Amsterdam: The Anne Frank House

When I first read The Diary of Anne Frank, I was 12 or 13 years old, about the same age as Anne was when she started the diary. I had a completely adolescent reaction to the first part of the story; I was envious of how popular she was at school with all her friends, when I was pretty friendless at mine. By the end of the book, I liked her so much I wished we could hang out and be friends. That’s how instantly relatable Anne is — not a blandly “universal” character, but one with her own personality, dreams, and worries.

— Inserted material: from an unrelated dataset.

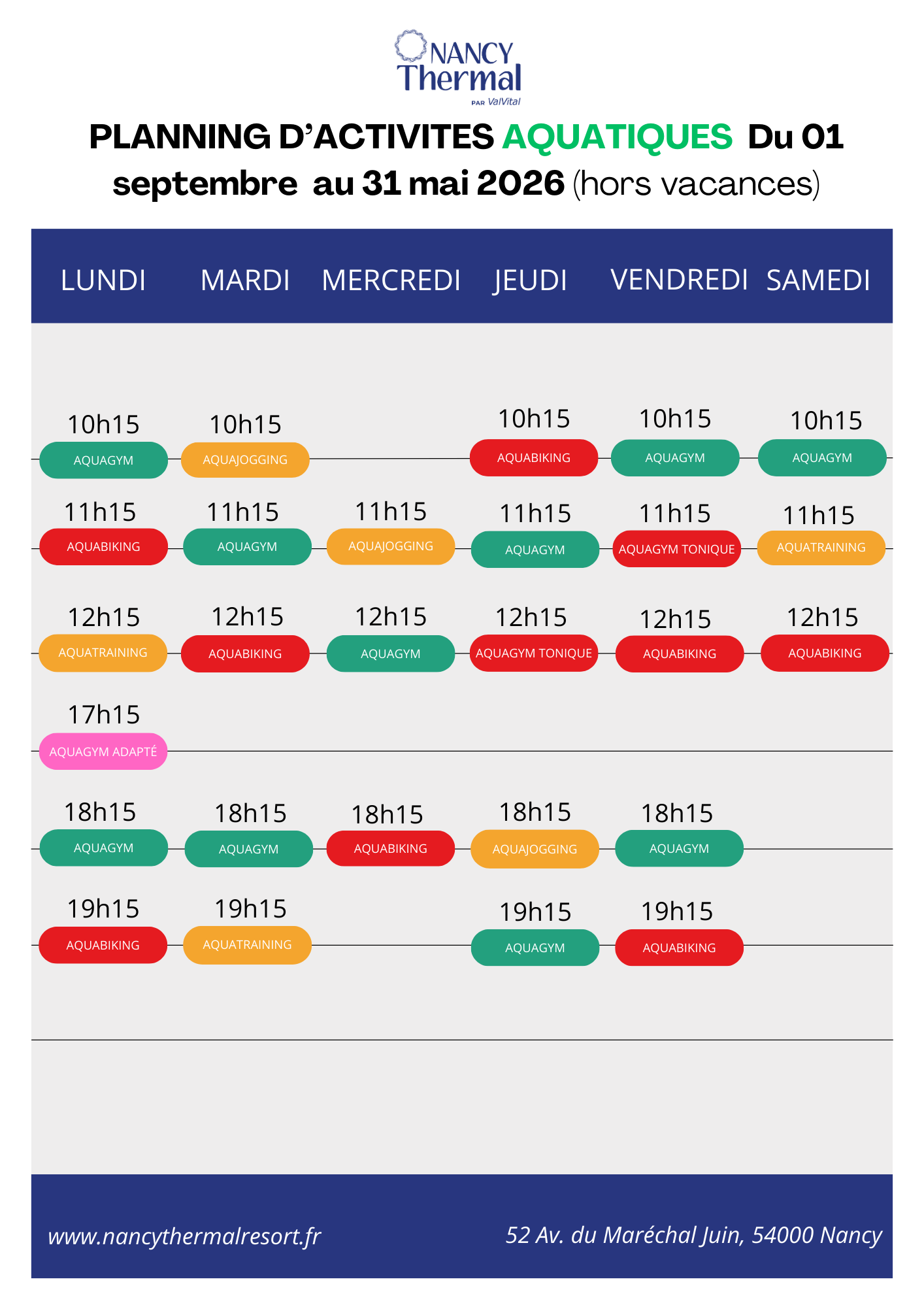 Le planning des activités Aquatiques

She had a great eye for detail, and had plenty of time to turn it to the hiding place she lived in with her family and others for two years. The result was a description so fine that one could sketch out an exact replica of the Annex (the hiding place), including all the furniture and odds and ends. When I was younger, I was into floorplans and the ways homes were laid out. I would sketch the grand houses of my imaginary characters and make up stories of them moving around those spaces. So I probably focused on that aspect of the diaries more than most kids, and tried to imagine just how small the Annex was and how all the beds and tables and sinks fit together.

a reworked version of the original building that housed the Frank family from 1942 to 1944

The Anne Frank House in Amsterdam (photo by me)

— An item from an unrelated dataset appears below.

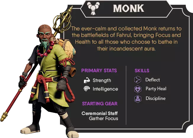《为了国王2》免费回归可玩角色——僧侣! 这位曾活跃于英雄殿堂的僧侣,如今带着其平和的反抗之举加入抵抗军,拥有一套熟悉的辅助技能组合,旨在保持队伍专注与健康。 你会很高兴得知,僧侣在法鲁尔大陆带来新技能的同时,依然保留着你所喜爱的《为了国王》中的独特魅力与玩法风格。

This March, I visited a friend in The Netherlands and spent a few days touristing in Amsterdam. I stood in a long line outside the Anne Frank House on a rainy day, watching canal boats glide by and listening to the Westerkerk chime the hour. Once inside, I bought my ticket and selected an English pamphlet from the many language options. It’s a self-guided tour, and there’s a constant stream of people, which is a little unsettling in the building that once housed just a small office and a back room of people for whom every visitor meant possible discovery and arrest. I followed the crowd, reading the small placards placed along the way and peering at the photographs hung on the wall. I had forgotten that the Annex was attached to Otto Frank’s office, not to a residence. Much of the material at the front of the house focused on how the office functioned before they went into hiding, and how the “helpers” smuggled food into the Annex.

Otto Frank had requested that any museum made of the house not include the furniture; he said the emptiness of the place would symbolize how everything they had was taken from them. So I didn’t get to see all the pieces fit together as I’d imagined when I was penciling improbable architectural structures on my sketch pad. How that furniture would fit in there anyway, I don’t know, because these rooms were tiny. If you go to http://www.annefrank.org/ the museum has set up a neat 360-degree view of each room with the furniture intact, so you can get an idea of how everything was set up. Even with that guide, when I was standing in the rooms and looking around me, it seemed impossible. How eight people could fit into this small space (and a teenaged Anne sharing a room with a middle-aged man because there was no room in her family’s room, at that), I still don’t see, except that needs must. They had to fit, so they fit. They had to put their lives on hold for fear their lives would end, so they put their lives on hold.

It was such a dark place, too. They had blackout curtains drawn all the way down or almost all the way down in each room in the Annex, so you could get a real idea of how each day looked to the Franks, the van Pelses, and Mr. Pfeffer. It looked dark, and small, and dull. Anne talks about how bored she is several times in the diary, and it’s no wonder. She’s bright, young, and full of energy, but she has to be practically silent for two whole years, confined to a tiny space with her parents, sister, sometime boyfriend, and three other adults. Distractions are few and frivolity almost impossible. Long before her life was taken from her, her adolescence was stolen away, or at least forced into unnaturally cramped conditions.

At one point in the diary, Anne writes, “I wander from room to room, climb up and down the stairs and feel like a songbird whose wings have been ripped off and who keeps hurling itself against the bars of its dark cage. ‘Let me out, where there’s fresh air and laughter!’ a voice within me cries.” In most other diaries of girls her age, this is usually teenage angst and hyperbole. The heartbreaking thing about Anne, and what visiting the museum made more real and terrible to me, is that while she felt the usual swirl of teenage emotions and conflicting desires, she did so within a fatally dangerous world that made her imprisonment all too real. And yet she never stopped writing.